Dressed emitters as impurities

TL;DR

This paper introduces a unified, impurity-based theoretical framework for analyzing dressed states of quantum emitters coupled to photonic baths, enabling model-independent insights and extension to multiple emitters with effective Hamiltonians.

Contribution

It develops a resolvent-based, impurity analogy approach for dressed states, generalizes to multiple emitters, and formalizes properties previously limited to specific models.

Findings

Explicit connection between dressed states and impurity problems.

Model-independent formulation of dressed state properties.
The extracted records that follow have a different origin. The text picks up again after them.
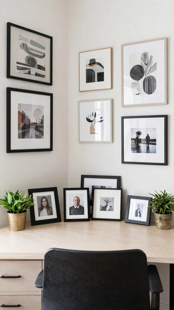To personalize your workspace, frame your favorite photos or artwork to create a gallery wall. Include plants that resonate with your personality and incorporate a decorative item that brings you joy or inspiration.
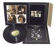 In most countries except the United States,[44] the Let It Be LP was originally presented in a box with a full colour book. The book contained photos by Ethan Russell from the January 1969 filming, dialogue from the film, with all expletives removed at EMI's insistence, and essays by Rolling Stone writers Jonathan Cott and David Dalton.[44][58] Despite the new album title, the book was still titled Get Back.[59] Its inclusion was another step in the Beatles' efforts to provide increasingly elaborate packaging for their records since Sgt. Pepper's Lonely Hearts Club Band.[44] The book's lavishness increased production costs by 33 per cent, however,[60] driving the retail price higher than for any previous Beatles album.[61]
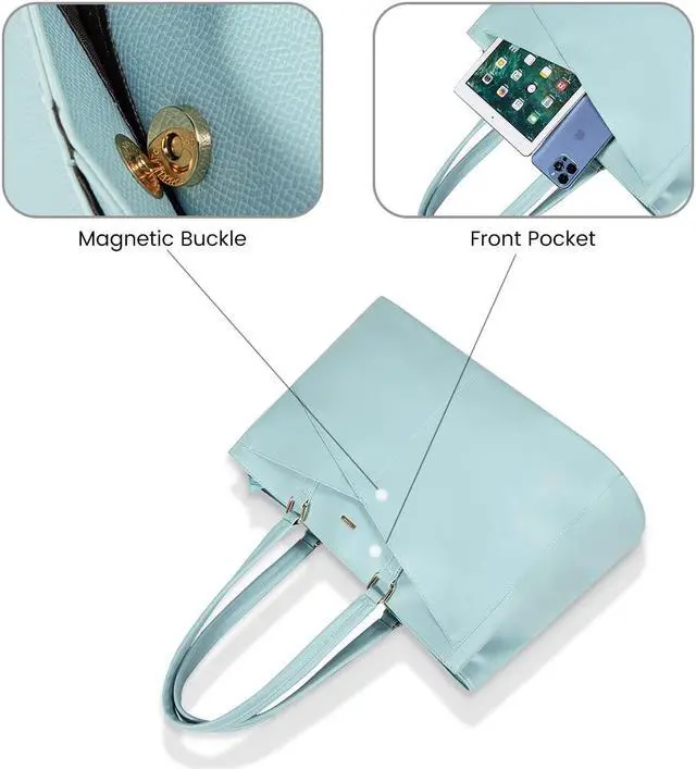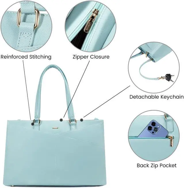 LOVEVOOK Laptop Bag for Women 15.6 Inch Tote Bags Waterproof Leather Briefcase Computer Women Business Office Work Bag, Cyan-Blue
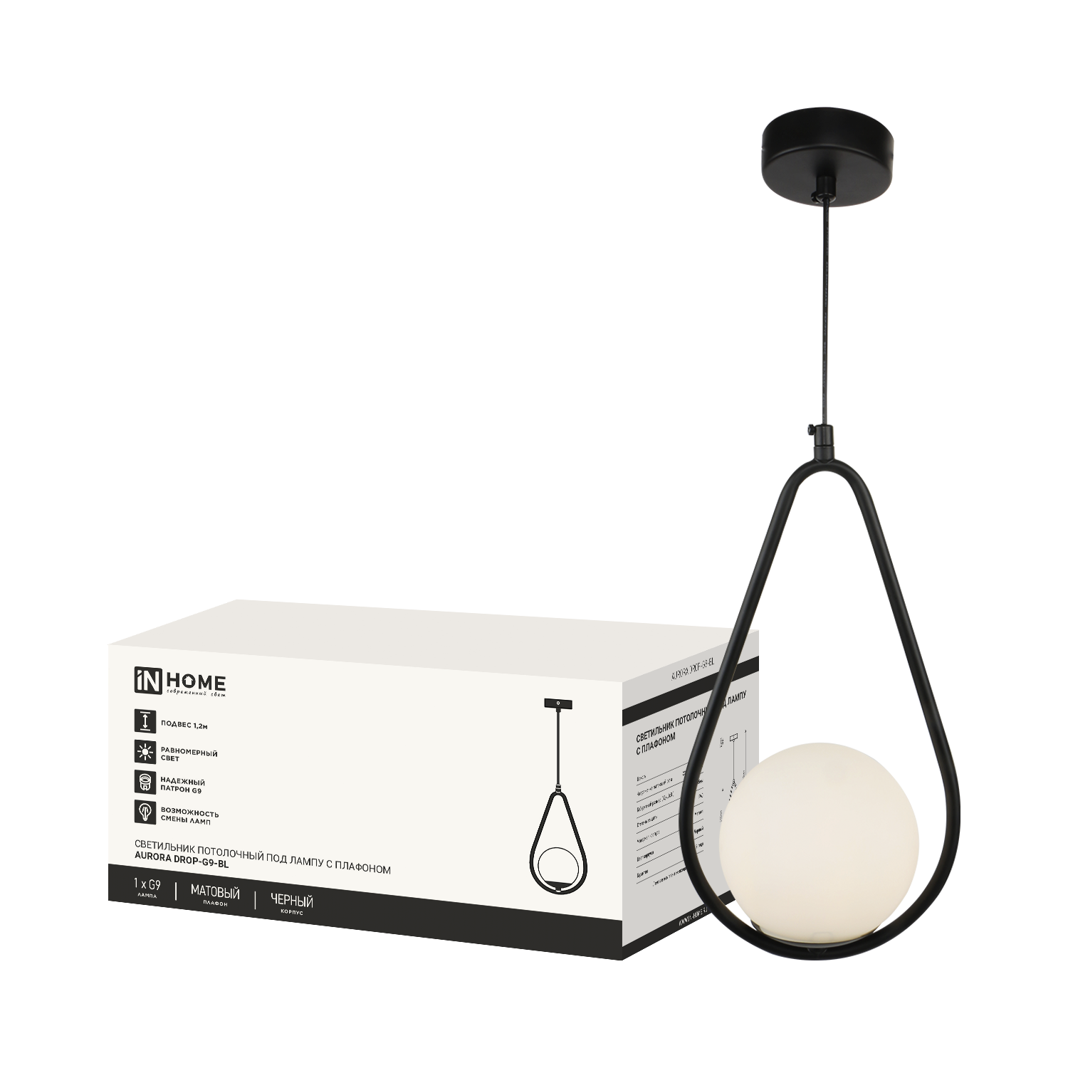 Светильник подвесной под лампу AURORA DROP-G9-BL 1хG9 матовый плафон, черный корпус IN HOME
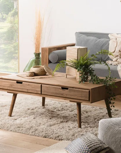 Table basse scandinave bois 4 tiroirs sapin andy bois - 120x70x47 cm
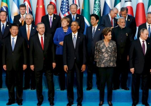 Президент США Барак Обама, канцлер Германии Ангела Меркель, британский премьер Дэвид Кэмерон, итальянский — Маттео Ренци и министр иностранных дел Франции Лоран Фабиус провели короткую встречу ближе к концу саммита G20.
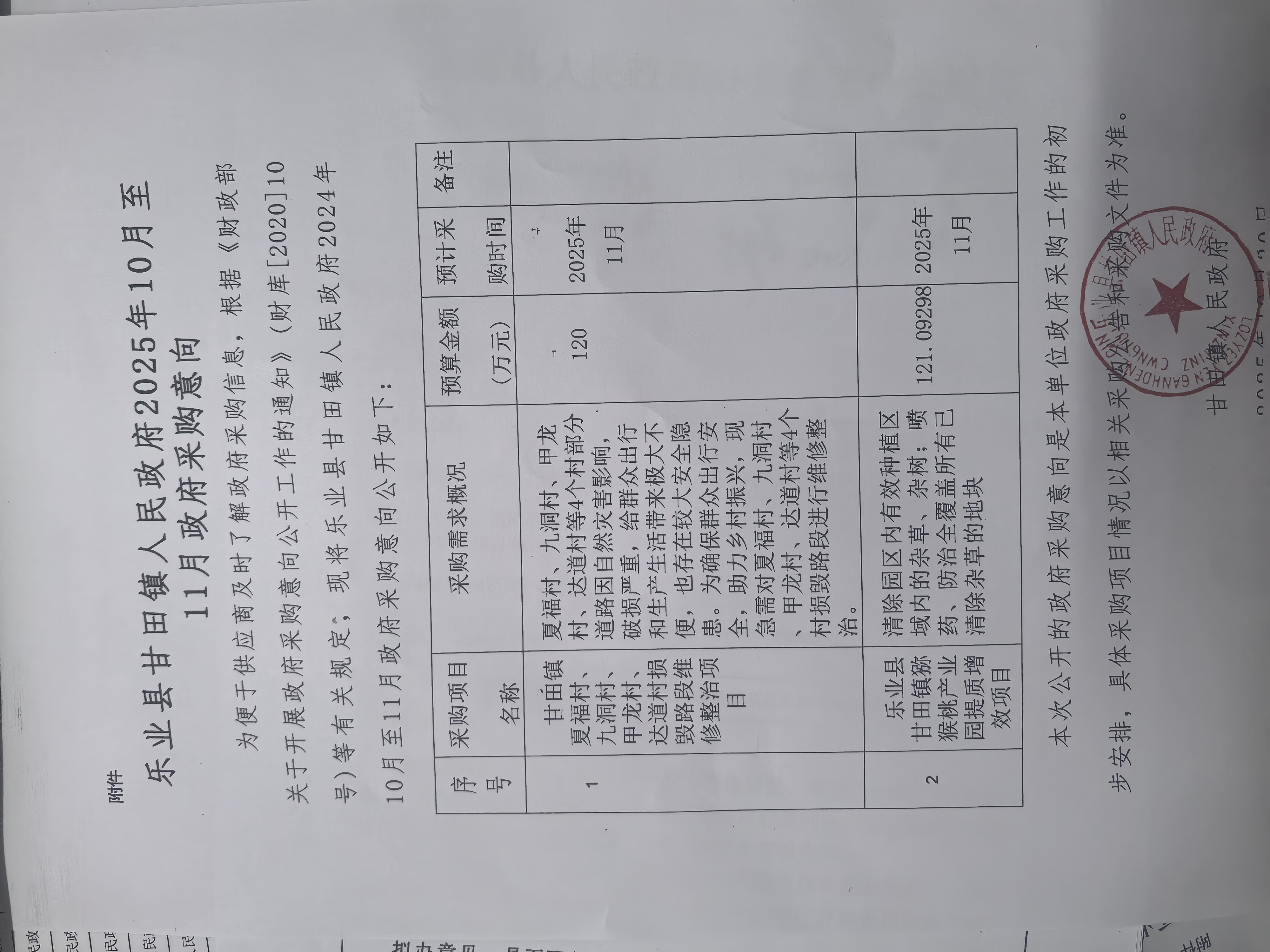 | 1 | 甘田镇夏福村、九洞村、甲龙村、达道村损毁路段维修整治项目 | 夏福村、九洞村、甲龙村、达道村等4个村部分道路因自然灾害影响,破损严重,给群众出行和生产生活带来极大不便,也存在较大安全隐患。为确保群众出行安全,助力乡村振兴,现急需对夏福村、九洞村、甲龙村、达道村等4个村损毁路段进行维修整治。 | 120 | 2025年11月 | 采购限额标准以上,200 万元以下的货物和服务采购项目、400 万元以下的工程采购项目,适宜由中小企业提供的,采购人应当专门面向中小企业采购。 超过 200 万元的货物和服务采购项目、超过400万元的工程采购项目中适宜由中小企业提供的,预留该部分采购项目预算总额的30%以上专门面向中小企业采购,其中预留给小微企业的比例不低于 60% | |

Derivation of dissipationless effective Hamiltonians for multiple emitters.

Abstract

Dressed states forming when quantum emitters or atoms couple to a photonic bath underpin a number of phenomena and applications, in particular dispersive effective interactions occurring within photonic bandgaps. Here, we present a compact formulation of the resolvent-based theory for calculating atom-photon dressed states built on the idea that the atom behaves as an effective impurity. This establishes an explicit connection with the standard impurity problem in condensed matter. Moreover, it allows us to formulate and settle in a model-independent context a number of properties previously known only for specific models or not entirely formalized. The framework is next extended to the case of more than one emitter, which is used to derive a general expression of dissipationless effective Hamiltonians explicitly featuring the overlap of single-emitter dressed bound states.